Women who get berated by partners for going to the salon and getting their nails done usually have some choice words available when those same partners complain about it. It's generally of the "I deserve this manicure, I raise your kids and cook your dinner and you wouldn't love me if I was unpretty." And we all nod and go, yeah, the woman does a lot, let her get her nails done you effin' scrooge. So this guy who, in all honesty is doing things to himself that make him unattractive to me, probably earns a decent living and can afford to treat himself to the things he wants, in this case pedicures and brow waxes, is getting shit from his wife. Double standard, I say verily.

But that's nothing compared to Cougar Fest (or the Cougar Convention or whatever nonsense it's called - crap, now I'm going to have to google it - ok do not, I repeat DO NOT GOOGLE THIS - it is legitimately horrifying). Imagine, if you will, a convention devoted to old dudes who like to bang 18 year olds. Yes, yes, feminists, I know that is "the norm" and we just ignore its horror, but imagine if the old dudes had a convention where they invited young women to meet them and dance with them and hook up with them and they did this all in a huge convention center in Las Vegas. Do you think the news would treat this with the lighthearted and good-natured frivolity of Cougar Fest? Dear lord, there would be picketing!

For the record. I don't really care who bangs whom provided all parties are willing and able to consent. If you feel you need a convention to support your sexual choices, I'm right there for you (ok, not right there as in actually attending because I think it's a stupid idea, but certainly right there in spirit). In fact, Las Vegas is a great place to stage your sexually specific convention: big people, little people, people who like to dress up as stuffed animals, renaissance fair types, goths, orcs, ponies, what have you. And when these events are covered, it is with a kind of embarrassed derision a la, "what kind of freaks like to have sex with people dressed as orcs?" Yeah, I don't know any personally, but they seem to like it, it has nothing to do with me, so I can chortle at the costumes and move on.

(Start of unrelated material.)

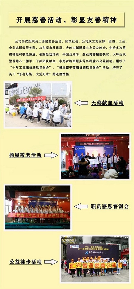 如果信念有顏色,那一定是中國紅!無償獻血是無私奉獻、救死扶傷的崇高行為,是我國血液事業(yè)發(fā)展的強大助力和保障。匯興智造作為東莞市首批10家“友善企業(yè)”之一,始終在堅持以人為本,注重人文關(guān)懷的同時,致力于將“友善”的價值觀、理念融入公司日?;顒又校ㄟ^快樂工作,幸福生活的獨具特色的“友善文化”和“一個行業(yè) 一個家庭 一所學(xué)校 一支軍隊”的人文理念,把社會主義核心價值觀融入到員工思想教育工作之中;夯實“友善企業(yè)”基礎(chǔ)、打造“友善環(huán)境”陣地、構(gòu)建友善勞動關(guān)系。在點點滴滴中融合、滲透,全方位落地生根,營造和諧友善氛圍和人文環(huán)境,積極提升員工的幸福感和自豪感,讓員工在公司平臺上充分展現(xiàn)自我,實現(xiàn)自身價值,創(chuàng)享更加美好的生活。

But the faux girl-power reverence we have for the cougar phenomenon is just disingenuous. Does it make up for years of various inequalities if we now say that old ladies acting like whores is AWESOME! I've got a hot mom personally, and were she on the market and decided to take up with a 26 year old, I would be totally pro that decision; were she to walk around New York in pants that read "Hot Cougar Ass" on her hot cougar ass, I would have her committed. Being dumped by one's first husband for a younger model is not ameliorated by turning around and dating a younger model one's self. It's not poetic justice. It's not making things right with the universe. Date whom you like, but don't attempt to add any further import to that decision.

Because in the end, and I speak a little from experience and more from conjecture, young people who date old people generally do it for the inequality. Whether you're searching for money, or power, or wisdom, raw animal magnetism is generally not the first order of business when 20 year old meets 50 year old.

When I heard the news clip, I suggested to devoted partner that there should be a convention for old dudes who like young women. They could call themselves Sinatras.